03-Citadel1If you’re a regular follower of my blog, you may remember I mentioned the Citadel in a previous post. Citadel Hill (Arabic: جبل القلعة Jabal al-Qal’a) overlooks downtown Amman. From there it is possible to see the Roman Theatre, also in the downtown area. Jabal al-Qal’a has been occupied since the Bronze Age (1800 BCE) and the ruins there date back to Roman through the early Islamic Period.

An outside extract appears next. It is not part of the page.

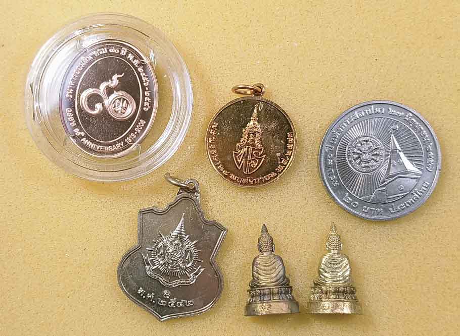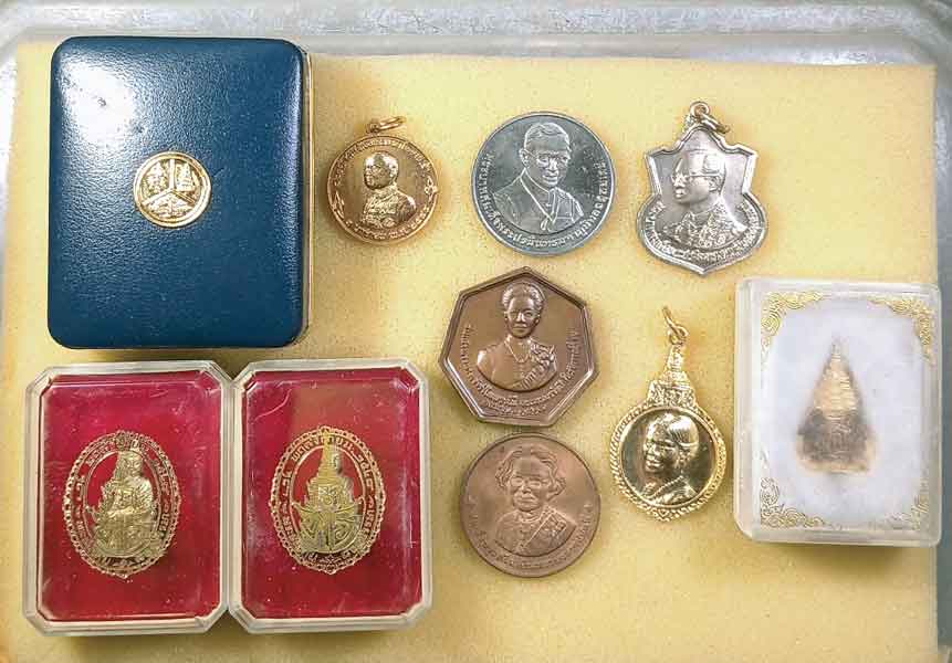 เหรียญร.6 2 เหรียญ + เหรียญร.9 2 เหรียญ +พระพุทธระลึกเจ้าฟ้าเพชรรัตน์ (พร.)80 พรรษา ปี 48 2องค์+สมเด็จพระนางเจ้ารำไพพรรณี +สมเด็จย่า+เหรียญ+เข็มกลัด พระนางเจ้าสิริกิต

Photo from stalinsmustache.wordpress.com

Now, here’s where we tie it to the Bible (2 Samuel 11). In the 10th century BCE, the Israelite King, David was lusting for Bathsheba after spying on her as she bathed. He had her brought to him, had sex with her, and made her pregnant. So, what could he do? He schemed to bring her husband, Uriah, home from the war, hoping he’d sleep with her and think the child was his. There was a fly in that ointment, though; an ancient kingdom rule forbade warriors in active service to be intimate with their wives.  So, David schemed to have Uriah the Hittite assigned to the front line of the battle against the Ammonites. He even had Uriah, himself, deliver the order that was essentially a death sentence. As expected, the poor soldier was killed there and David took his wife for himself. What a nice guy David was…

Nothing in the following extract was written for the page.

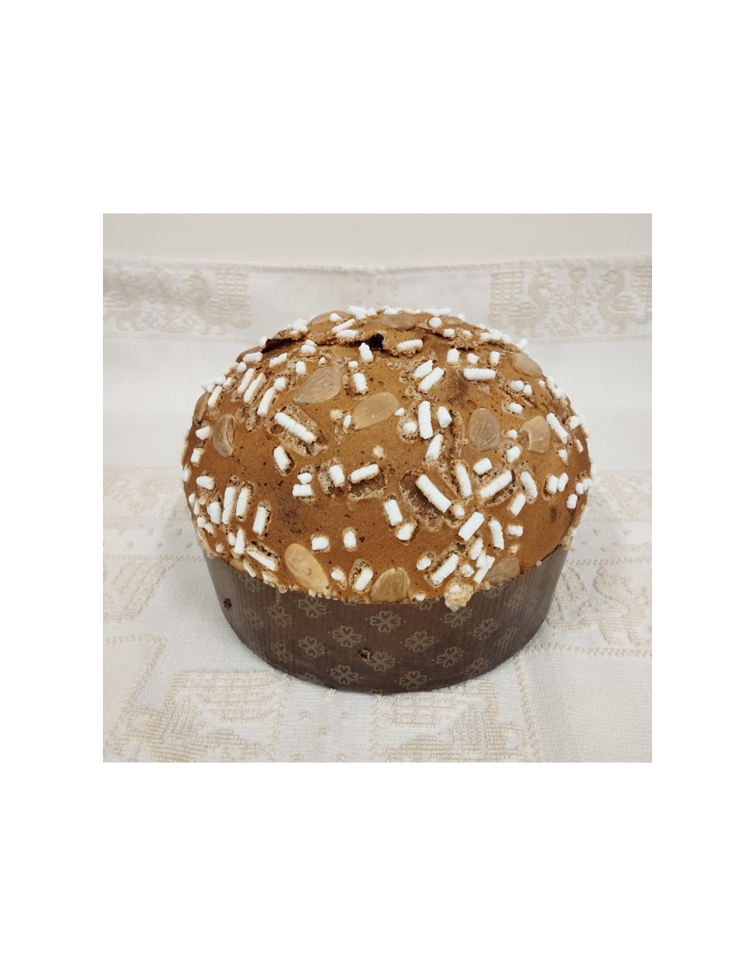 - Farina 0, zucchero, tuorlo d’uovo, acqua, burro, latte, uva sultanina, scorza di cedro e arancia candita, lievito naturale e di birra, essenze e aromi naturali, sale.

The ruins, shown on the map, include the Temple of Hercules, a Byzantine church, a Mosque and palace entrance, and a giant cistern. There is also a small museum with some stunning artifacts on display. Among them are fragments of the Dead Sea Scrolls and statues unearthed in nearby Ain Ghazal representing the oldest known statues of human figures. Here are a few photos. A single fragment of a statue of Hercules has been found. It’s a portion of his hand. The size of the fragment indicates that the statue stood around 13 meters (42.6 feet) tall!


Great Reception Hall


Palace gate with reception hall beyond


View of Roman Theatre from Citadel


Temple of Hercules


One of the temple columns


Temple of Hercules


Temple of Hercules with statue fragment


The only surviving fragment of a 13 meter tall statue of Hercules


My favorite view of the temple


Byzantine Church




6 thoughts on “C is for Citadel

  1. A land of mystery and beauty ~ and that light! Lucky you Jim, and thank you so much for sharing my friend ;-P (as for David… erm…)

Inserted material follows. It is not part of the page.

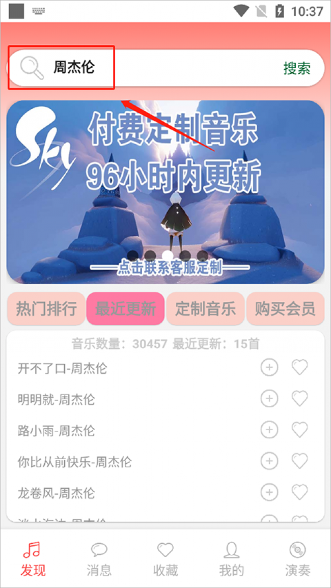 2、可以直接进行搜索你想听的音乐歌曲,比如:周杰伦;
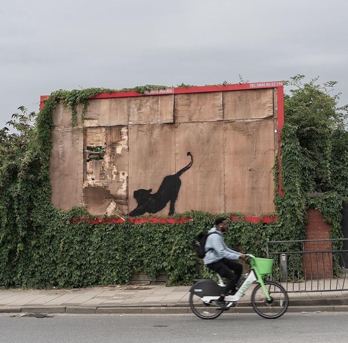 Sanatçının eserlerinden biri Londra’nın kuzeyinde bir reklam panosunu tırmalayan kedi silüetiydi.

  2. Hey. You know this plance very well. Tell me more about the portion of Hercules hand. It is so bright white compared to the color of the aged stone of the columns. What made it so different?

  3. Hey Cathy, thanks for stopping and checking out the post! I’ll be here every day this month except Sundays. Hercules’ hand is whiter because it’s marble. The temple, churches, etc are primarily sandstone. Some of the columns appear (to me) to be cement. As you know, it was the Romans who first perfected Portland Cement. The secret was lost for many, many centuries before being rediscovered in modern times. I don’t remember seeing it at the Citadel, but in other sites I’ve visited the cement has eroded over the years to reveal small stones that were added to the mix.